Zarif added that the Iranian people would not permit "groups chosen in the recent elections, that had no impact and had average voter turnout of only 43%" – that is, the European Parliament – to judge the "enthusiastic" elections in Iran, where turnout was over 73%. He said, "The [Iranian] government will not allow any parliamentary delegation from Europe to visit Iran under the conditions noted in the European Parliament resolution." Iran, he noted, seeks reciprocal relations with other countries based on mutual respect and equal standing, "and will not tolerate insults and interference."
On April 7, 2014, Iranian Vice President Majid Ansari implored members of Iran's ideological camp who were leading the criticism of the European Parliament and who also opposed the Rohani government's policy of compromise with the West not to sabotage the government's policy, even though the European Parliament had indeed harmed Iran. He said that the European Parliament resolution was "nothing new, and includes incorrect points based on misinformation and permanent resentment." Ansari said that the parliament "is not an official, executive, influential body with any legislative or executive capability, and basically its decisions and resolutions have no great value, either legally or in implementation... This is not the first time that the European Parliament has acted this way... This last resolution can [even] be seen as the most positive of the 60 anti-Iran resolutions that preceded it, in both text and content... Our past disregard of European Parliament resolutions was correct."
He also mused over why there had been no reaction to the 60 previous anti-Iran resolutions, while now the reaction was very extreme: "Some [of those protesting against this resolution] even turned to the government and the Foreign Ministry, while the [Iranian] government's positions vis-à-vis the world, [and] particularly [towards] the EU, hinge on respect."
He said that measures by the Rohani government aimed at developing relations with the EU were "highly influential," that there was a definite improvement in relations with "the most important countries in [the EU]," and that "some of them are willing for [their representatives] to travel to Iran. At a time when the government leading the move towards neutralizing the Zionists' plot against the Islamic Republic of Iran and their anti-Iran propaganda, we must not weaken our diplomatic apparatus and the government, [which] are attempting to secure our national interests by means of effective and strong diplomacy...
"A reasonable response, which shows the people's defense of its values, its religion, and its independence, is appropriate, [but] it is not [appropriate] for us to present an institution with no influence [such as the European Parliament] as an institution [capable of] taking a [meaningful] resolution, and to turn to the EU so as to scold it and every so often to insult it. The EU is a legal institution with many members, and the government of the Islamic Republic of Iran is today trying to develop its relations with the entire world, and particularly [with] important countries that are EU members; so far it has been successful in this endeavor."

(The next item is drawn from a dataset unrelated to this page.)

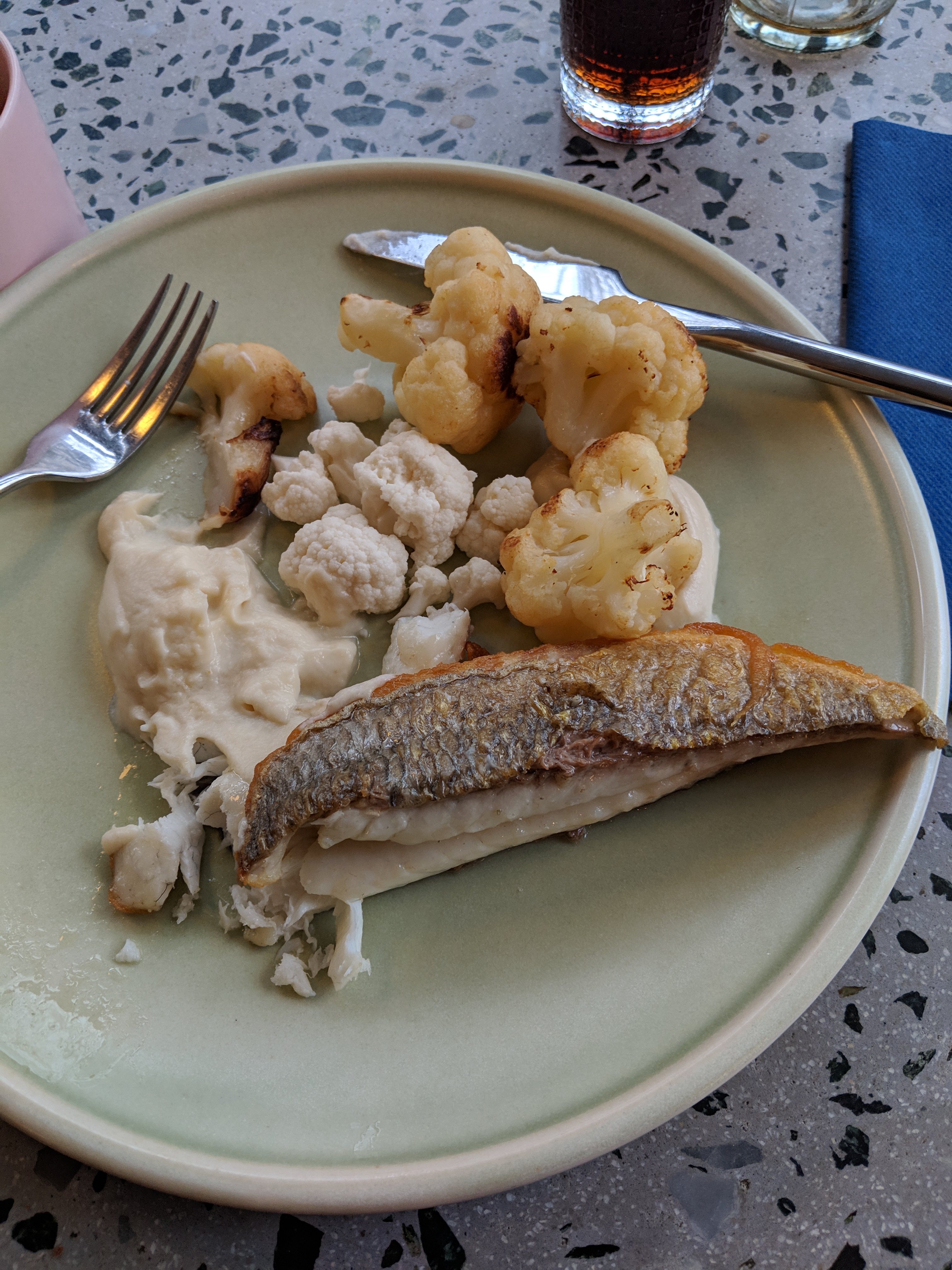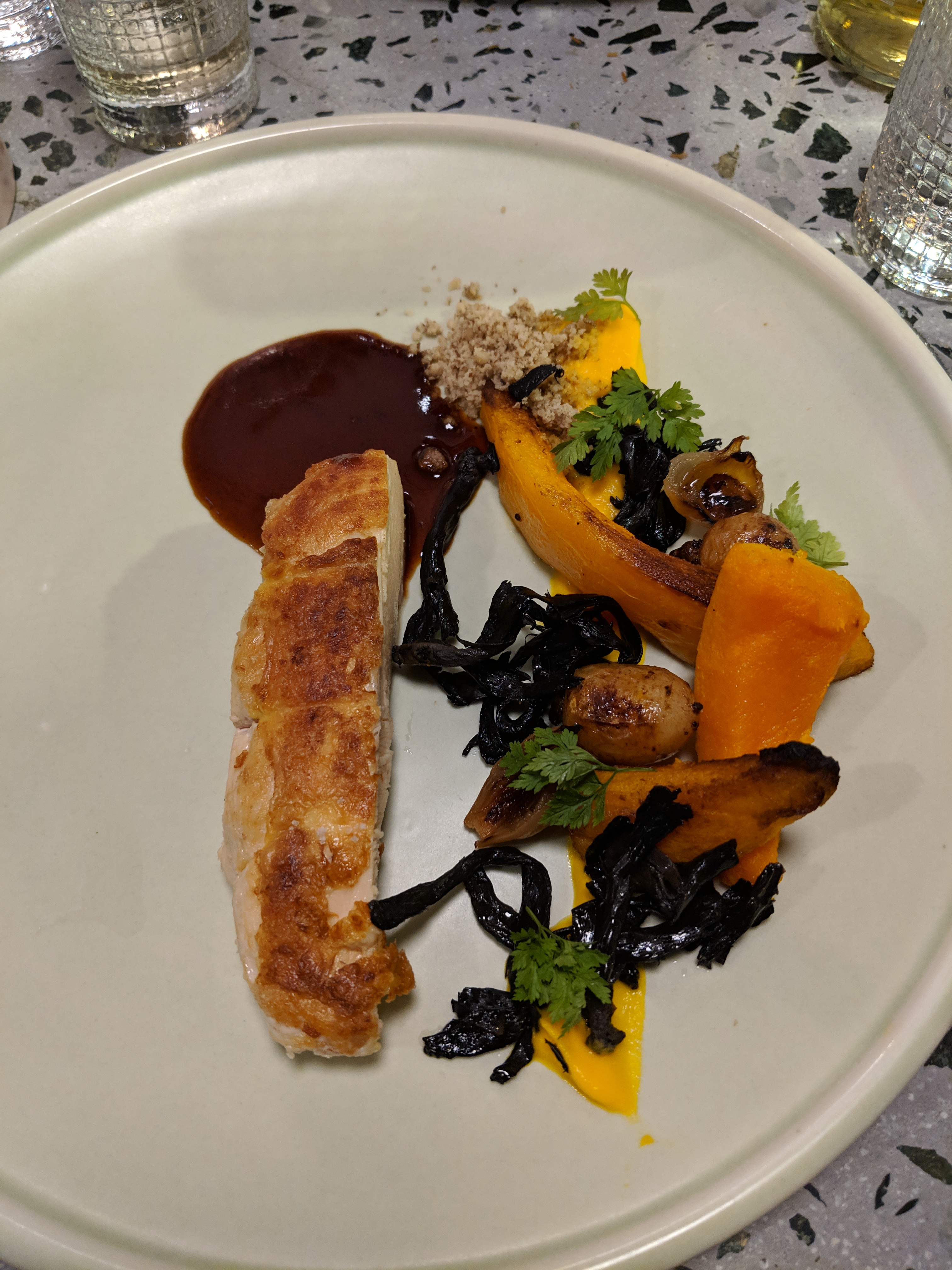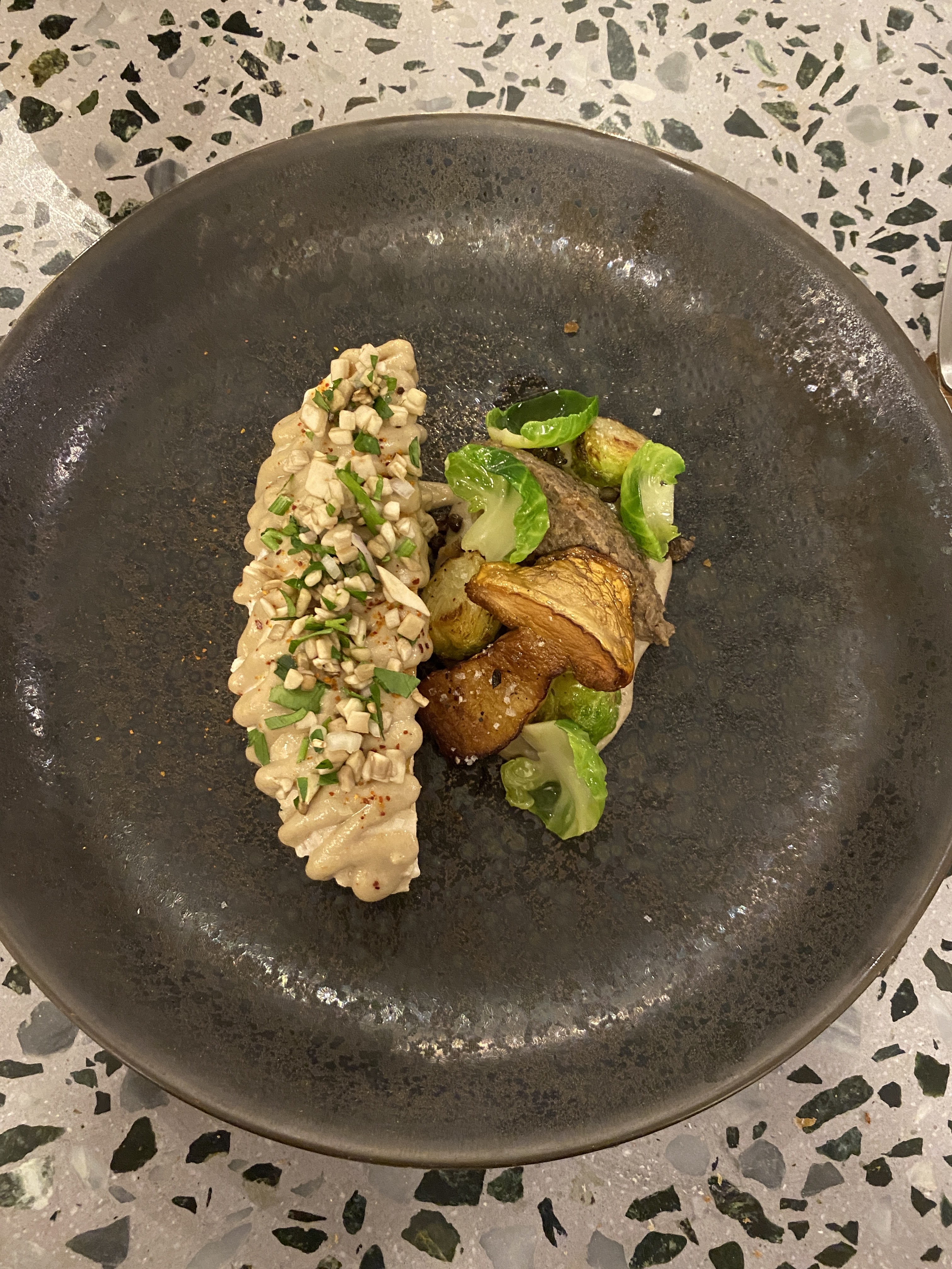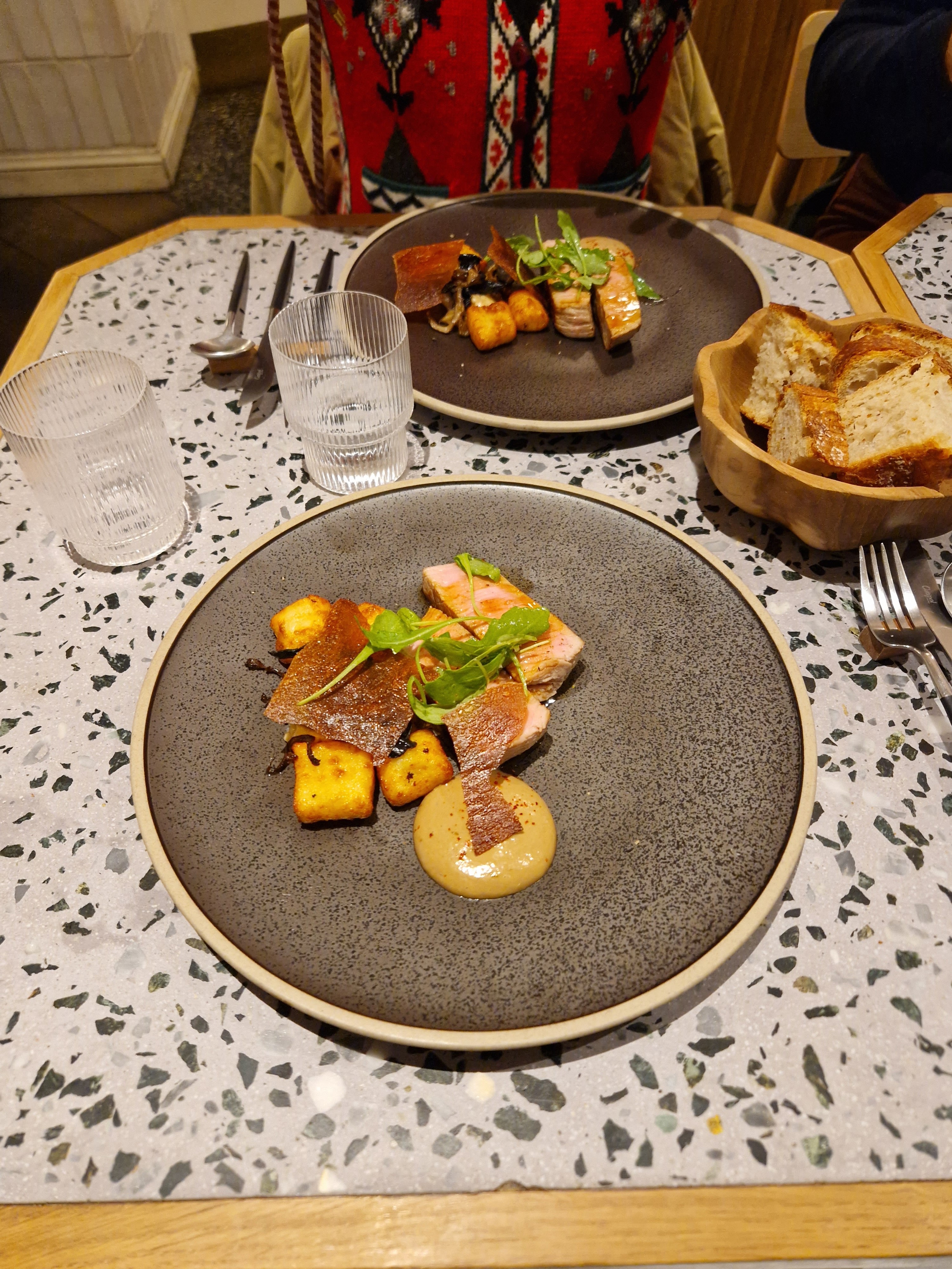Ça vaut vraiment le détour. Nous avons eu le menu dégustation de 6 plats. Toute la nourriture était intéressante, fraîche et savoureuse. Un équilibre entre les fruits de mer et les plats de viande. Deux entrées, 2 plats principaux, 2 desserts, tous dimensionnés convenablement pour ne pas repartir rassasié. Prix très raisonnable aussi. Ma seule critique serait le manque presque total de légumes en quantité raisonnable, même si au moins cela signifiait que nous n'avions pas de plateau de haricots verts omniprésents (peut-être qu'un côté de brocoli irait bien ?). La décoration est une sorte d'ambiance moderne/scandinave du milieu du siècle. L'emplacement est un peu hors des sentiers battus pour un restaurant de ce genre, mais cela veut dire qu'ils peuvent se permettre de vous laisser de l'espace (physiquement). Ici, vous pouvez vous entendre réfléchir - et surtout, vous pouvez entendre vos compagnons parler, sans vous sentir assourdi.

On April 6, Majlis speaker Ali Larijani called the European Parliament resolution "political" and "infected by propaganda." He noted that while the resolution welcomed the nuclear talks and the Geneva paper, as well as continued cooperation among the sides, and that it also expressed hope for progress in the negotiations for "more constructive" Iran-EU relations on important issues such as the crisis in Syria and the fight against terrorism, it also included "interference in the democratic system in Iran, in [its] elections, in human rights [issues], and in deviant sexual ideas..."
He continued: "Due to the odd statements regarding Iran's presidential elections, as if they were not held according to the democratic standards that the Europeans consider valuable, it appears that the members of the European Parliament suffer from narrow-mindedness and think that they have advanced standards in democracy and elections. We do not recommend these standards, and we will never accept them. We will never allow presidential candidates or high-ranking regime officials to be [individuals who are] sick and coarse and who will seek a life of pleasure instead of solving the country's problems. We see this conduct – in which politicians make illegal deals with several dictatorial Arab rulers [such as] accepting money to run for office – as an embarrassment to democracy. We reject this worn-out, sick democratic system... We have no motivation to imitate such a democracy and its deficient standards... This democracy has lost its attractiveness... In the 20th century alone, when [the Europeans] launched two world wars, the number of killed was greater than [the number of those killed] in the 39 previous centuries in the history of human civilization. With such an image, the West is worried about human rights and fighting terrorism?"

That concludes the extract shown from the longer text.